Susan Granger's review of "VARSITY BLUES" (Paramount Pictures)

Teenybopper idol James Van Der Beek of TV's "Dawson's Creek" gets a big screen break in this football flick. Its strength is that examines the pressures placed on high school athletes by their parents and coaches. Its weakness is that it reduces a serious topic into all the shamelessly predictable cliches of teenage comedy that are liberally dished out by writer W. Peter Iliff. "Football is a way of life," Van Der Beek explains as a second-string quarterback in rural Texas, where devotion to high-school football attains a religious fervor. "You never question the sanctity of the coaches," he adds.
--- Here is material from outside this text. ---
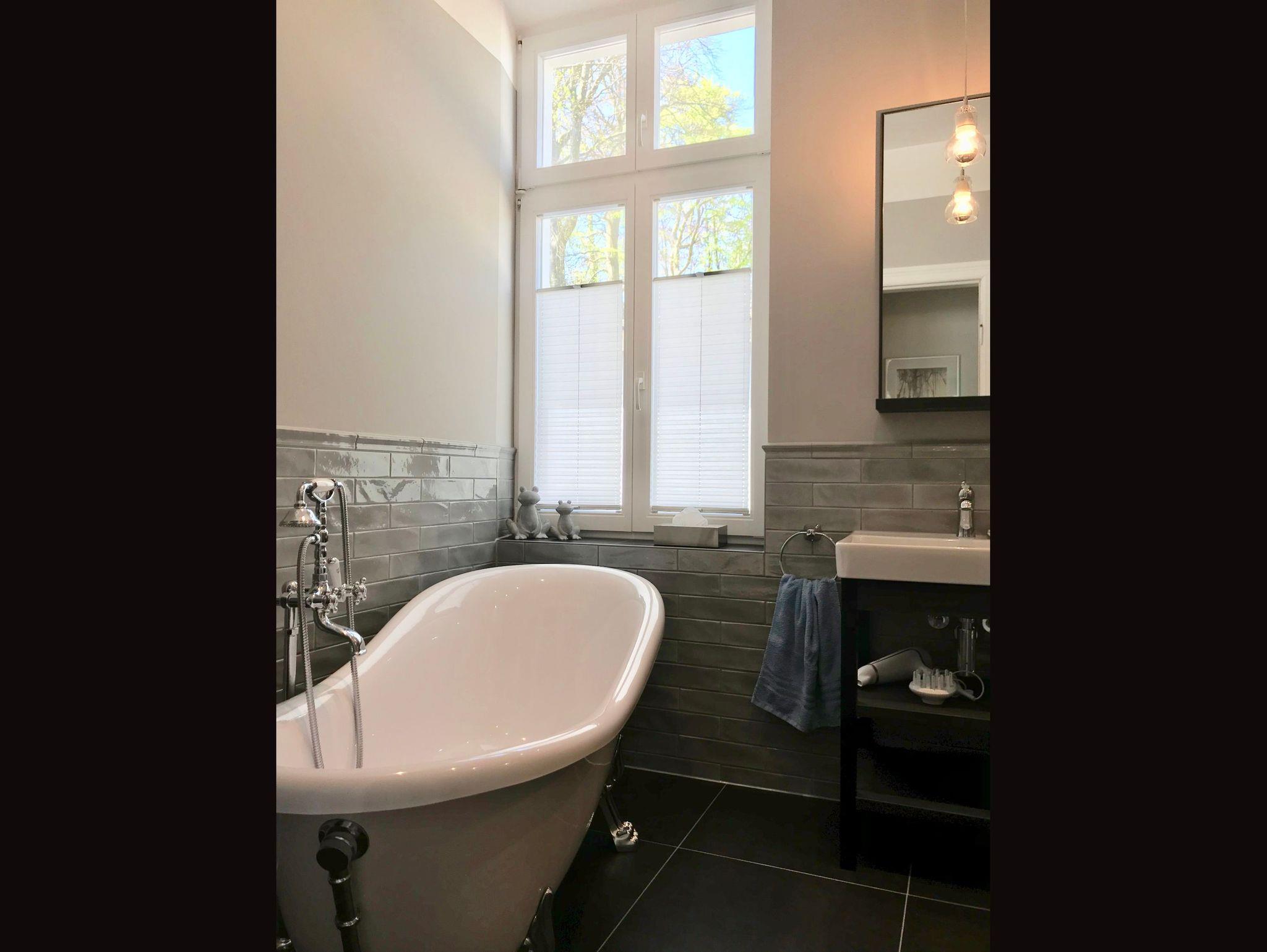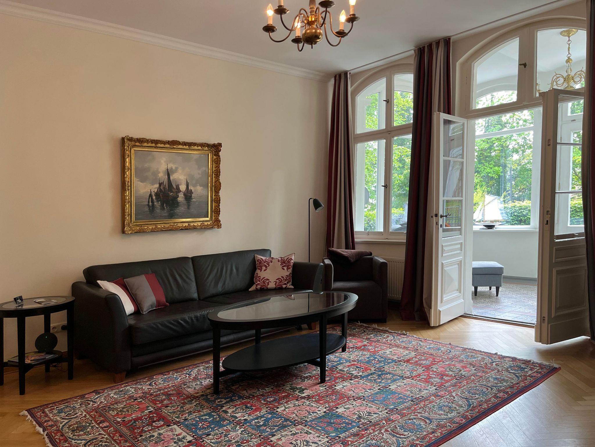 Die ca. 88 qm große Nichtraucher-Wohnung verfügt über einen separaten Eingang mit Diele. Daher ist diese Wohnung - nach vorheriger Absprache und bei Rücksicht auf andere Gäste - auch für Urlaub mit Hund geeignet. Das Wohnzimmer ist abschließbar und kann als zweites Schlafzimmer genutzt werden. Im wintergartenähnlichen Verandenvorbau mit Säulen u. historischem Fliesenboden befindet sich der Essplatz für 4 Personen sowie ein gemütlicher Ohrensessel zum Lesen und Entspannen. Von hier aus gelangen Sie auch in den sonnigen Vorgarten mit Liegestühlen. Das Badezimmer ist mit einer freistehenden Wanne und bodengleichen Dusche ausgestattet.

Jon Voight plays Bud Kilmer who has coached his West Canaan, Texas, AAA team to two state championships and 22 district championships in his 35-year tenure. There's a big bronze statue of Coach Kilmer right outside of the stadium which is named for him. The story revolves around Van Der Beek and his girl friend (Amy Smart) who rebel against the football mania gripping everyone around them. They're aware of the Coach's tenacity to force ill or injured players to continue in the game and appalled by his racist tendency to ignore black players when it comes to scoring touchdowns. Understandably, the Coach doesn't like him much but, when the star of the team wrecks his knee with five games to go in a winning season, Van Der Beek's pushed up front and center. His chances of an academic scholarship to Brown rest on his performance. The cheerleader subplot is stupefying, as is having a sex education instructor make students chant the common names for sex organs in unison. Not too surprising for her character, though, since she turns out to be a stripper in her off-hours. Unevenly directed by Brian Robbins, on the Granger Movie Gauge of 1 to 10, "Varsity Blues" is fumbling 5. It's V for vulgar.